A second option would be to expand the sample of recent graduates included in NSF's national survey. Because in recent years this survey has obtained a relatively high response rate (greater than 80%), an expansion of the sample might be expected to yield high returns. The committee regards this step to be valuable but it might not be sufficient to meet all the information needs. For example, reliable data on the early careers of graduates from particular departments would not be available unless a very large sample of recent graduates were selected—and the costs of such a large sample would probably be prohibitive.

A third option that the committee strongly endorses would be to require every department that receives federal funding for research or training to provide current employment information on all predoctoral students enrolled in its program during the preceding 10 years. Such information might include

  • The number of trainees and their sex, citizenship, and ethnicity.
  • The number of students who left the program before completing their training.
  • The length of time from enrollment to degree for each student.
  • The current employment situation of each graduate.
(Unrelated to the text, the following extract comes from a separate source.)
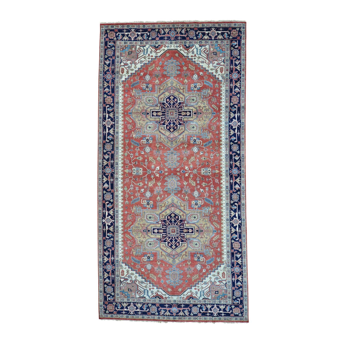 Gallery size pure wool serapi heriz hand knotted oriental rug

One of the major obstacles in implementing a national data collection of such magnitude would be making certain that all federally supported departments provide accurate and comprehensive information that is in a standard format so that comparisons among different departments can be made. Although the difficulty of obtaining reliable information on the current employment situations of graduates from 10 years earlier should not be underestimated, the task is feasible, as demonstrated by the fact that this information has long been a standard requirement for university programs applying for NIH training grants.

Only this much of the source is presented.